SSA simplify passes

Fri, 4 Jan 2002 17:51:12 -0800

> md5 -- if you look at the .ssa of -loop-passes 1, you'll see three
> functions all of the form:
> fun x_148 (x_154) = L_88 ()
>   L_88 ()
>     ()
> which are used in about 45 non-tail calls.  Before the last removeUnused
> call, these functions do somthing, but their results aren't used, so they
> are trimmed down to:
...
> which the shinker reduces to the above (this explains why removeUnused
> didn't eliminate the function argument, although it is clearly unused in
> the final function).
> 
> I think that just eliminating those extraneous non-tail calls sped it up
> quite a bid.

Cool.  Maybe what we need is some count of how many opts the last
shrink did, and if there werw a lot done, we re-run the simplifier.

> matrix-multiply: As best I can make out, something (I don't know what
> pass) establishes the fact that the source matrix is initialized, but
> never updated -- so it replaces all the array subs (and associated
> computation of subscripts) with the constant 1.0.

Constant propagation figures this out.  The reason it didn't with
-loop-passes 1 is that inlining happens after constant propagation, so
the Array2.array constructor saw many different arrays.  After
inlining, each array construction is a different call to Array_array,
it is easy for constant propagation to see that there is an array of
constants.  Because of that, I don't think that's a good benchmark, so
I changed it so that the array is nonconstant.

> nucleic: Looking at the datatypes of the -loop-passes 2 version, my guess
> is too much flattening of tuples.  In particular, something like this
> looks bad:
...

Yuck.  Maybe arg flattening should only happen if a large fraction of
the selects are inevitable.

> btw, how does MLton map a record to a tuple?.
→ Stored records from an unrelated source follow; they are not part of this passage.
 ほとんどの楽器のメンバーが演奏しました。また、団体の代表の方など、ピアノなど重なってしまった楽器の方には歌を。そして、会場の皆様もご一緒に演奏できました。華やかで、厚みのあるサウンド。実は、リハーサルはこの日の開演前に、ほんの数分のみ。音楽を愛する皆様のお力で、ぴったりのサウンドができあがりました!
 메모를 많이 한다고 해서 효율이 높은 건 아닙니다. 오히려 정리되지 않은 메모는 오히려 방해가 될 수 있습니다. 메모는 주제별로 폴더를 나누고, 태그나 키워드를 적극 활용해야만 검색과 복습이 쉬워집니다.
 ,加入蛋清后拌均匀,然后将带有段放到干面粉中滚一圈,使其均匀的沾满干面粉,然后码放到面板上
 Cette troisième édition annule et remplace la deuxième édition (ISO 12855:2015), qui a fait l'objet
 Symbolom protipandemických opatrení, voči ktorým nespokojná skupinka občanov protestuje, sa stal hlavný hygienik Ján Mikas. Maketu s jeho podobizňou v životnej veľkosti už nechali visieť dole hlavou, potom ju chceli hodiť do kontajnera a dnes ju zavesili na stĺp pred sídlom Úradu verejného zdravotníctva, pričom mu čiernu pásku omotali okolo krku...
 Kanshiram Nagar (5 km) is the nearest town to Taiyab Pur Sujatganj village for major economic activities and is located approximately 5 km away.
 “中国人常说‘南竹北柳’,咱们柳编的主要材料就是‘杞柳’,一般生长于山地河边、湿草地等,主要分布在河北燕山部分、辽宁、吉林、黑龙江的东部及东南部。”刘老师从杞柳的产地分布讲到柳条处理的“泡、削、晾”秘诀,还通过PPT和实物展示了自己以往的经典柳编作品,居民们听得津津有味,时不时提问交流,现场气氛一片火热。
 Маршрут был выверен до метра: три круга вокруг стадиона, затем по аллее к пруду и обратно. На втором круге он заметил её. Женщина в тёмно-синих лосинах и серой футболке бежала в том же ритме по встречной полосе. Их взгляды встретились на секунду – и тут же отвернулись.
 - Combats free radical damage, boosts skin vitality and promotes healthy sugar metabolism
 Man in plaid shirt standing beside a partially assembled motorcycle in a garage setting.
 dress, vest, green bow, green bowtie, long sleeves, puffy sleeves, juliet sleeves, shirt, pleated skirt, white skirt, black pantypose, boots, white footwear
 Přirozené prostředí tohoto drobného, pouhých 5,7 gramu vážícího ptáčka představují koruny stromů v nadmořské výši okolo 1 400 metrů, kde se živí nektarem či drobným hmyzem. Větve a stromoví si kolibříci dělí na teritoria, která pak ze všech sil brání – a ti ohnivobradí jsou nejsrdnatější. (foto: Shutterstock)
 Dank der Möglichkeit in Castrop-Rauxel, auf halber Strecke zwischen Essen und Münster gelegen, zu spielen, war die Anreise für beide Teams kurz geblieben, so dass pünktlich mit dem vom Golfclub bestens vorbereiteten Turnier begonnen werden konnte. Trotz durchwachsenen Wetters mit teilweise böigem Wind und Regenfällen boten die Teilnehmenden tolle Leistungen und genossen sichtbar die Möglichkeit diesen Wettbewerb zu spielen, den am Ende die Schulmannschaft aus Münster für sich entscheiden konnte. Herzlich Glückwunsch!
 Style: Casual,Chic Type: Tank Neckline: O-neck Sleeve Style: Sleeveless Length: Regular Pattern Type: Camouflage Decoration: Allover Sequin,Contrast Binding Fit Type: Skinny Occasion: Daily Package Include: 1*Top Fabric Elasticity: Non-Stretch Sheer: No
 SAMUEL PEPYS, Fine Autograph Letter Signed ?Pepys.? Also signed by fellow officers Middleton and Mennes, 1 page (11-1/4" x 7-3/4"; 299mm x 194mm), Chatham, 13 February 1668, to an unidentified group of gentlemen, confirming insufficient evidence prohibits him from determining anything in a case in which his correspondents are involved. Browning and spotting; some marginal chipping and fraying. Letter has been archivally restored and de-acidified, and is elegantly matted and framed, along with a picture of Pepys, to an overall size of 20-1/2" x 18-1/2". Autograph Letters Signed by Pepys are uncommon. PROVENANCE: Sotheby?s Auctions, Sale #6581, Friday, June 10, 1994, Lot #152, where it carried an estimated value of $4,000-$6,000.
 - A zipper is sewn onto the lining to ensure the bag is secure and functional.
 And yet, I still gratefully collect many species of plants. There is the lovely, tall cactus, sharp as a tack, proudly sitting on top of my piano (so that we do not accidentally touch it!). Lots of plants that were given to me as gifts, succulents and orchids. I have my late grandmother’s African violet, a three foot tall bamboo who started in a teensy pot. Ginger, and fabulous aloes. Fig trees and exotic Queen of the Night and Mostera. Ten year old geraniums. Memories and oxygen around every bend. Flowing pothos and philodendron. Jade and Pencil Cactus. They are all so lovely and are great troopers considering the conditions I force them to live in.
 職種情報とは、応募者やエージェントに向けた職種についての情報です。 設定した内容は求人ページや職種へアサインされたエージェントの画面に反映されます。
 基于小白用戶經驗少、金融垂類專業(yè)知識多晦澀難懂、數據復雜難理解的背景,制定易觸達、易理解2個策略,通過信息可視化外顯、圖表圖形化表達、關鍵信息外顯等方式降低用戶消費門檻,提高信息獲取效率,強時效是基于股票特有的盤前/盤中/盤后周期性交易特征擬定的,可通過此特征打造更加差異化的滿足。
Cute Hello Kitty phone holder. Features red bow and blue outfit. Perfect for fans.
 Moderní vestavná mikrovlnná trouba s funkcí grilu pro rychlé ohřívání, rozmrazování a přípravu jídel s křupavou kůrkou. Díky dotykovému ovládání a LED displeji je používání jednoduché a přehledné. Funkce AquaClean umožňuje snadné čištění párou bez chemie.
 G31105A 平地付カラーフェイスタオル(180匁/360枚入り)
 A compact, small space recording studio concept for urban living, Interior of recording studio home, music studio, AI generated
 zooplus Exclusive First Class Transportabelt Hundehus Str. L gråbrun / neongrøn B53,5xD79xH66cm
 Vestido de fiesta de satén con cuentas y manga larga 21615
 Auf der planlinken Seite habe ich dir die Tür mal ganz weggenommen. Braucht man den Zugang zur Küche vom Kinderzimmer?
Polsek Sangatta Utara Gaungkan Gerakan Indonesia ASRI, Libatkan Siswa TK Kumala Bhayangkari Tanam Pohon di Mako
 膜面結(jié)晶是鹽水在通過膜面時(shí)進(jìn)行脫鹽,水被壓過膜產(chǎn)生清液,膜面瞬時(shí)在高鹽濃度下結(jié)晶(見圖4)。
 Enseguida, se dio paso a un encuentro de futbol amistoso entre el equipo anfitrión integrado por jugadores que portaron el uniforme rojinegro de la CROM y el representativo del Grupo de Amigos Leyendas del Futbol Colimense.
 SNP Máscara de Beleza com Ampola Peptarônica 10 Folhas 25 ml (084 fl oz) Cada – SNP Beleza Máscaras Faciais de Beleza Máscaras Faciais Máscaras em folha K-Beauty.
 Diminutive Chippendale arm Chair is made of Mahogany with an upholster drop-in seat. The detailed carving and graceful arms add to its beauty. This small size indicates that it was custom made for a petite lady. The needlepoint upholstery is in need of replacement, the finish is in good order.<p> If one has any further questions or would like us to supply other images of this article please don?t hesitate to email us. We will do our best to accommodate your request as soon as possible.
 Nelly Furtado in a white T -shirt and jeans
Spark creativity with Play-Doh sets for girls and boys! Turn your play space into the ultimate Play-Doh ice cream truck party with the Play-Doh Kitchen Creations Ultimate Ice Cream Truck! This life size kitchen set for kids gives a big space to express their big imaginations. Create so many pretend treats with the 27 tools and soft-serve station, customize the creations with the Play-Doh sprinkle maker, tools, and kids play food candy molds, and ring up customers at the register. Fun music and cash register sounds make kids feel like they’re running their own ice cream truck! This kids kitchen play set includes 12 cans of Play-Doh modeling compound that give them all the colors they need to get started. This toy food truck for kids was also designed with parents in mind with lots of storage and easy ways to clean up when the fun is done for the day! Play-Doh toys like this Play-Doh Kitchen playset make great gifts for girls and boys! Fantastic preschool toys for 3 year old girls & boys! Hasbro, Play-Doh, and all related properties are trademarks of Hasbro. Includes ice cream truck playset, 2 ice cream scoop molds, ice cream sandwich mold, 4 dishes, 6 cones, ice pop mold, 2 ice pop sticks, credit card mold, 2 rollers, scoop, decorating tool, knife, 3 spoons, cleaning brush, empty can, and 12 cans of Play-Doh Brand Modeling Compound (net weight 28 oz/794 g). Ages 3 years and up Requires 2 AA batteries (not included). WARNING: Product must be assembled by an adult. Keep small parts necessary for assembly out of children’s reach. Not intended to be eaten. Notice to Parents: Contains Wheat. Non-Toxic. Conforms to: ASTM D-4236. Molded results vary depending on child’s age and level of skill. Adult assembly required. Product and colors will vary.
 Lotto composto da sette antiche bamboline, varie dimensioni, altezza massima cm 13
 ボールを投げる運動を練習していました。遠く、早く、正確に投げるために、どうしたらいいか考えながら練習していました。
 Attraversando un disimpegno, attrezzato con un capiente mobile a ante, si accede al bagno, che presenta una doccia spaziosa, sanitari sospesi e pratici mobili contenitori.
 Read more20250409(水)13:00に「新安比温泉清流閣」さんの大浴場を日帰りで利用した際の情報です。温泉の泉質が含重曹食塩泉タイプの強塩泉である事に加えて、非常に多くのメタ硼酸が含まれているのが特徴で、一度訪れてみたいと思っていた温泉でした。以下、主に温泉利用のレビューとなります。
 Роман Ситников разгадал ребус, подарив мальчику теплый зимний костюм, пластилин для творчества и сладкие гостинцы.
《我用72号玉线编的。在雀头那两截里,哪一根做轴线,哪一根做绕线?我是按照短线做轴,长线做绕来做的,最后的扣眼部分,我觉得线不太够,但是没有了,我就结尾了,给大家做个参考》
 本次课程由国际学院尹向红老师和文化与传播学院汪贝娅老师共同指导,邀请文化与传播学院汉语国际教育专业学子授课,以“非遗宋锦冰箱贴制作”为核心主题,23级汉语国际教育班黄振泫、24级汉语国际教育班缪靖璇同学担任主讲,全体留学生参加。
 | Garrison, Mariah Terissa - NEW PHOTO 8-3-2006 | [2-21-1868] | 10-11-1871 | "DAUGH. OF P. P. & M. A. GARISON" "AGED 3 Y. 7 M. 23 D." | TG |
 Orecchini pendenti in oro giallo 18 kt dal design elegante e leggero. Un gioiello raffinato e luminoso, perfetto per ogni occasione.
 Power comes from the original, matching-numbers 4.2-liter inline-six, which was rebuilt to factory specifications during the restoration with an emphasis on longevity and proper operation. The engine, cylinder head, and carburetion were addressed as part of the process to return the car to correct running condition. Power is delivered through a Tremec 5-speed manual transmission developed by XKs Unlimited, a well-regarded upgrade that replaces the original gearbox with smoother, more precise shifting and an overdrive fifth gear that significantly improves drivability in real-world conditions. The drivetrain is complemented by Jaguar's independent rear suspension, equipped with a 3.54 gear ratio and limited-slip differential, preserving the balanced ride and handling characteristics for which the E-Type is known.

The translation to XML (type-inference/infer.fun) puts record fields
in alphabetical order (of course :-) when translating to a tuple.

> Here are a couple of other random "cleanup"'s I'm trying to track down:
...
> Pulling apart x_1991 just to put it back together again in env_30 seems
> wasteful.  This happens all over the place in a self-compile.

Yeah, eliminating reconstitution of tuples has been on my list for a
while.  Go for it.

> Another random thing I noticed: there seems to be a strange
> interplay between the XML simplifier (particularly inlining) and
> polyvariance. If you look at the SSA of logic.sml you'll see 5
> copies of a function called oc_?, all of which are alpha-equivalent.
> ...

You're right.  The XML simplifier only inlines functions that are
called once.  So, occurs_check is inlined inside of unify_REF.  Hence
oc and ocs are inside unify_REF by the time we get to polyvariance.
unify_REF is "higher-order", and so is potentially duplicated by
polyvariance.  It turns out there are 5 uses, and the size threshold
is met, so there are 5 copies of oc and ocs.

The problem is that polyvariance duplicates functions local to a
higher-order function when the function is duplicated, even if they
don't depend on the higher-order-ness.  The solution as I see it is to
some kind of lambda-lifting/closure conversion to move these local
functions out so that only the code that depends on the
higher-order-ness is duplicated.  There's a whole lot of unexplored
territory in MLton in lifting functions and improving closure
representations.  I don't see any easy fixes.  Just lots of
(interesting) work.